Her throat moves, eyes dancing between mine as if she can’t grasp the fact that someone could love her without using her, without touching her body. Mia’s face breaks, just like my chest, but not because she didn’t say it back. It’s because she’s finally realising that I’m nothing like that prick of an ex. That I want to be with her despite her fears and reluctance.

I’ll always be patient with her, for as long as she needs me to be because I have well and truly fallen for this girl. I just hope that I’ve proven her wrong that I’ll love her until my heart stops beating.

Chapter Thirty-Two

MIA

Ifeel drained of energy this morning. There are no tears left in my body from how long I cried against Noah, never wanting to leave him last night. Being wrapped up in his arms, fingers gliding along his bare chest, touching the tattoo that revealed more to me than I ever would have thought possible, I realised he is just as traumatised as I am deep down.

My walls were brought down last night, but I don’t regret letting them fall. Opening up to him was somehow daunting and freeing at the same time. But he’s so gentle with me, patient and kind, and when Noah told me he loves me, I think my heart stopped beating. It took my breath away, because the last time I heard that, it was the biggest lie. It shattered me, made me fall into the pit of darkness I've struggled to get out of for the past three years, but when Noah spoke those words, there wasn’t even a hint of a lie in them.

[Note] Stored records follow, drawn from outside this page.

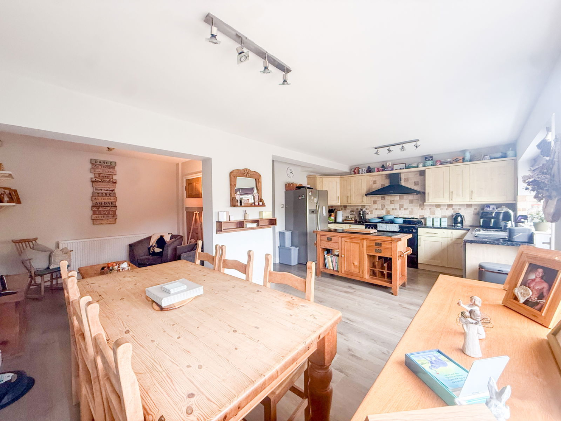 The ground floor extends into an impressive open-plan kitchen and dining room, thoughtfully extended to maximise space and functionality. The modern kitchen features a contemporary wooden flooring, a removable central island and integrated appliances, including a double range cooker, making it a perfect hub for family life and entertaining. The kitchen dining area opens seamlessly to a second reception space, the snug room, which is set back from the kitchen but still connected, providing a cosy and relaxing environment for family meals or unwinding in the evening.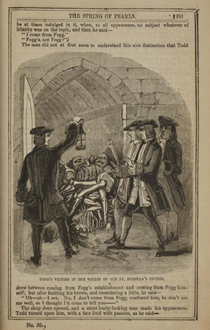 A group of officials discovered a secret grave in a vault underneath St. Dunstan's Church. These are the remains of victims of Sweeney Todd, and by the looks of it, Todd is what would be considered a serial killer. This image is a chilling reminder of the monster that is Sweeney Todd.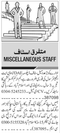 Private Company is looking for candidates for following posts as per job advertisement published in daily Jang Newspaper of August 8, 2024 for location Islamabad, rawalpindi Islamabad Pakistan: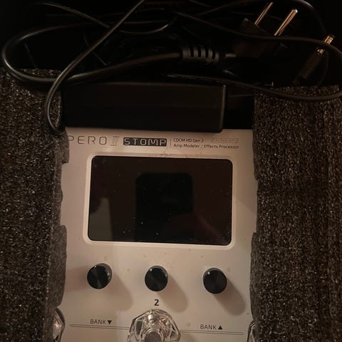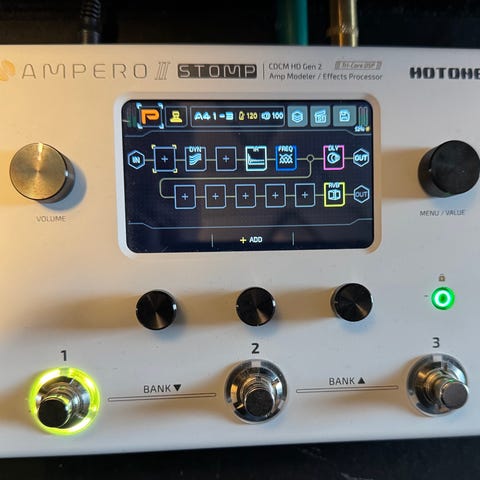 Hotone RAVO gitarutstyr med innebygde kontroller, loop, trommemaskin og expression pedal. Designet for bruk med gitar, egnet for justering av lyd og effekter under spilling.
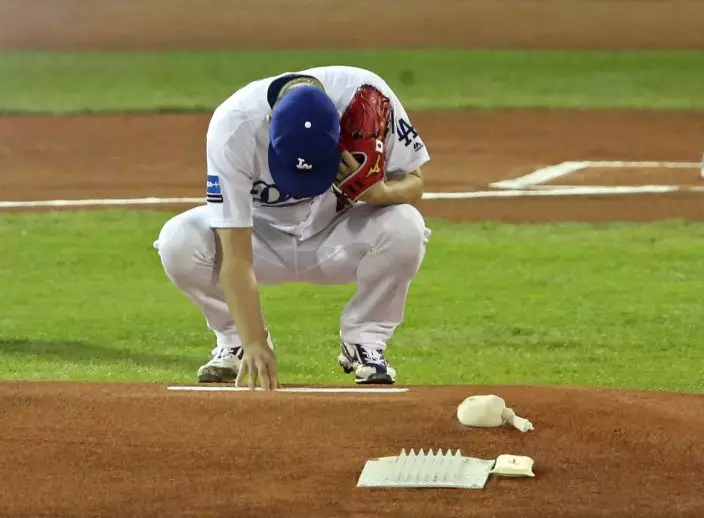 MLB All-Star starter Kenta Maeda of the Los Angeles Dodgers touches the mound before pitching against All Japan in Game 4 of their All-Stars Series baseball at Mazda Zoom-Zoom Stadium in Hiroshima, western Japan, Tuesday, Nov. 13, 2018. The stadium is Maeda's former home when he was playing for the Hiroshima Carp. (Kyodo News via AP)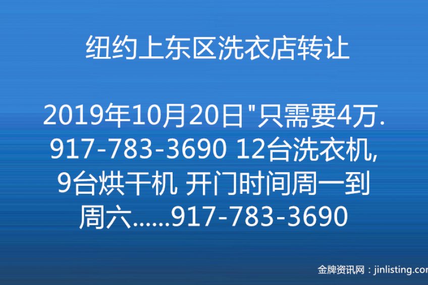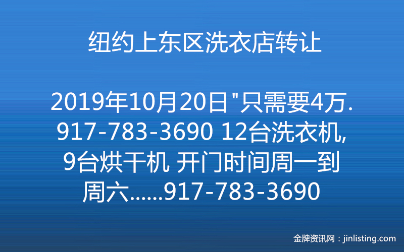 “纽约上东区洗衣店转让,只需要4万. 917-783-3690 12台洗衣机, 9台烘干机 开门时间周一到周六, 7:30AM到7:00PM 生意$14000到$15000每月. 房租地税$5500, 租约6年半 电和煤气$600, 水$600. 目前需要2人经营, 每月纯收入$6000到$7000 可以雇1个工人, 老板可以1人经营. 有意可以致电917-783-3690, 没有接听的话请text message 非诚勿扰.”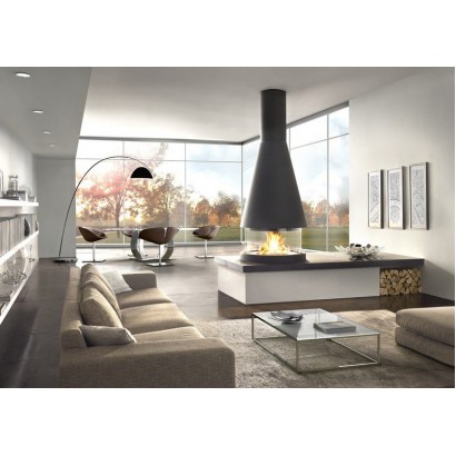 Основание изготовлено из больших панелей из майолики. Опора основания в цвете на выбор. Майолика ручной работы может быть изготовлена в цвете на ваш вкус из палитры Piazzetta. Обрамление и кожух из стали с отделкой из черной или белой эмали. Камин оснащен эксклюзивным электронным механизмом подъема и опускания переднего круглого стекла. На фотографии изображена модель из майолики Ardesia, дровяная топка M360 T.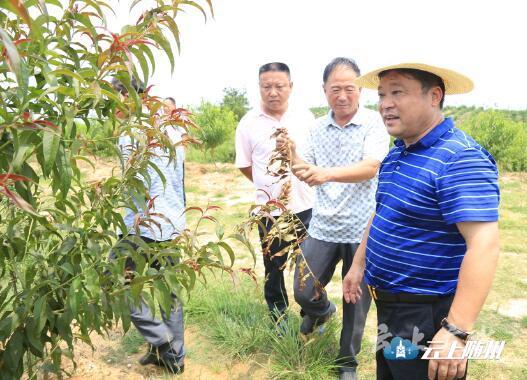 魏以金查看桃树长势,现场指导村民种桃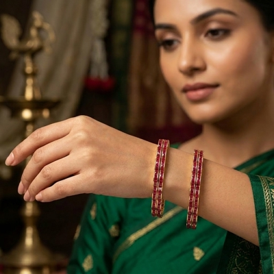 DESCRIPTION - THE IMAGE DISPLAYS TWO PAIRS OF NARROW BANGLES. THE PRIMARY COLOR IS A POLISHED GOLD TONE, LIKELY MADE FROM A BASE METAL WITH GOLD PLATING. THE DESIGN INCORPORATES SMALL, SQUARE-CUT STONES OR ENAMEL ACCENTS IN A DEEP RED OR MAROON COLOR SET ALONG THE SURFACE. THESE ARE A COMMON STYLE OF TRADITIONAL INDIAN JEWELRY (KANGAN OR CHURI), TYPICALLY WORN IN SETS FOR DAILY USE OR FESTIVE OCCASIONS.
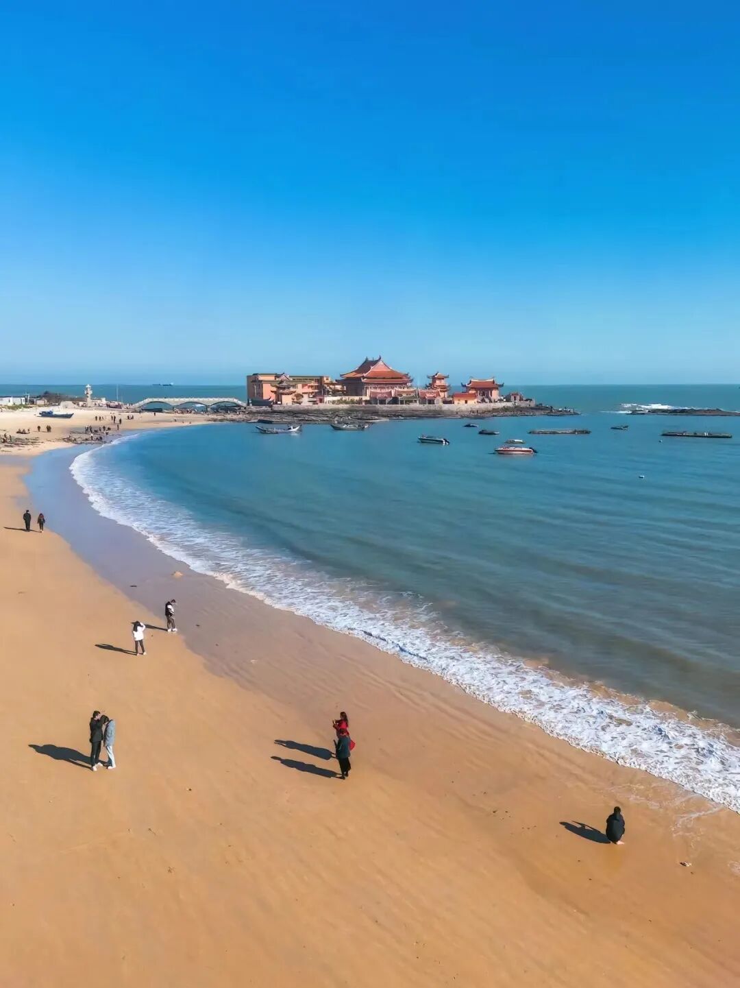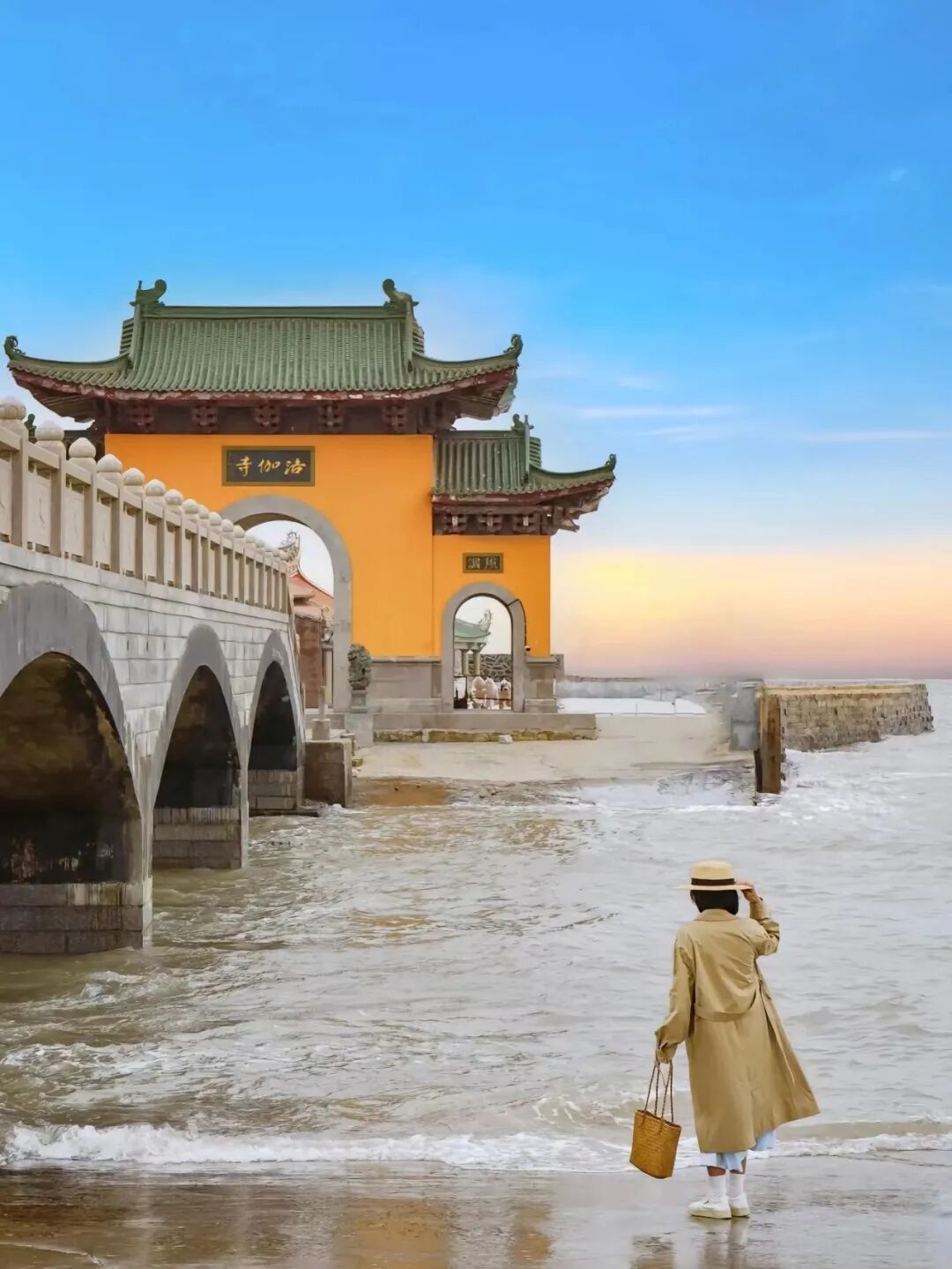 【海天佛国-珞珈寺】全国唯一的海上寺庙,福建泉州石狮市的黄金海岸,有这么一座寺庙,每当太阳浮出海平面时,它就会披上金光。洛迦寺矗立于海边礁石之上,时不时会有海浪拍打礁石溅起层层浪花。洛迦寺在海滩的最东头,每当涨潮的时候就会淹没连接的沙滩,为了方便前往,建了一座金桥连接寺庙和海岸。

I couldn’t say it back; there was something stopping me. As much as I hated it, I couldn’t bring those words out of my mouth. He said everything I wanted to hear. That I’m not used, or broken, or insufficient. I don’t want something to hold me back; I want to fall into his arms and never look back, but the ringing in my mind keeps chiming.

Exhaling slowly, that very ring blares out loud, pulling me from my thoughts. I stare at my phone and groan. Answering it, I lift it to my ear, and Mum starts talking. “Finally, you answer. Why have you been avoiding me, Mia? I am your mum. I gave birth to you, and now you just ignore me over a breakup three years ago?”

My groan echoes as I walk down the street. It’s cold and overcast, but the rain has held off this morning as I trudge along in my coat. “Hi, Mum,” I rasp out before clearing my throat. “And I picked it up now.”

“Yes, after a few months.” Her tone is curt, rubbing my neck the wrong way. “I had to go through your brother, and essentially he told me you were still alive.”

“Well, he didn’t lie,” I answer, not trying to be snarky, but she takes it that way.

She huffs a hollow laugh before adding, “So, when are you coming back home?”

My jaw ticks. “I’m not sure, Mum.”

She grunts, and I can’t tell if she’s annoyed or impressed. “Sinnett told me about the interview you have this Wednesday with a design company. I have to say, even though I am disappointed that you didn’t follow through with Law, I am happy that you’re doing something with your life, and this job does sound promising.”